Aspiring pilots from around the world start their journey at Sheppard

Inside the Euro-NATO Joint Jet Pilot Training Program

WICHITA FALLS, Texas (TNN) - For aspiring fighter pilots across Europe, the dream of flying starts at Sheppard Air Force Base and goes through the Euro-NATO Joint Jet Pilot Training Program.

“All German fighter pilots have been trained here,” German Operations Group Commander Col. Stefan Kleinheyer said. “I was trained here in 1992 so Wichita Falls is a little bit of home.”

The program is the only multi-nationally manned and managed training program in the entire world. For forty years, has been the first step for those who want to serve their air force, with candidates coming from 14 different nations.

“Sheppard itself and the base has changed a little bit but the school has evolved as the time progressed in the last 30 years I want to say, but it’s still the same principles,” said Col.

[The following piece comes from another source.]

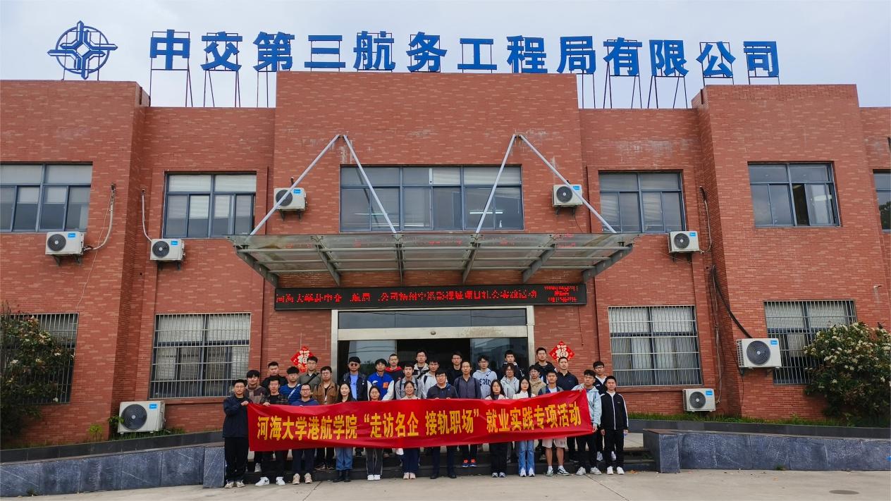 2024年4月20日,港航院开展“走访名企接轨职场”就业实践专项活动第6期,在辅导员顾钰恒、林晨带队下,29名学生走访中交三航局第三工程有限公司,赴扬州空港影视城项目参观,通过探访工程现场、听取项目讲解、观看企业视频、座谈互动交流等形式的实践活动,深入观摩学习企业的基本概况、工程的建设情况、员工的职业发展。中交三航局三公司扬州空港新城项目经理李海陵、书记刘琼、机电分公司总工王晓朋、党委组织部副部长、人力资源部副经理王珍一行全程陪同参观实践。

Kleinheyer.

After candidates complete the necessary testing in their home country, they are then sent to Sheppard for a 13-month course. While the majority of people train for work that happens on the ground, a handful makes their way into the air.

“They fly the T-6 first which is a propeller-driven plane so it’s a little slower to get them into the business of flying,” Col. Kleinheyer said. “Then after that, they’re gonna fly the T-38 which is a trans-sonic jet, as we like to say, just barely supersonic speed so, they learn how to do it at a little bit faster pace.”

One of the biggest traditions of the program is dunking pilots into a tub of water after their first solo flight in the T-6. And, once they can manage the faster pace of the T-38 and their training is complete, each pilot moves onto a new base in their home country, leaving behind a global footprint from their first steps in the Air Force here in Wichita Falls.

“There’s a lot of time that leaves an imprint on my career and gave me a network already from the beginning when I was a young pilot,” Col. Kleinheyer said.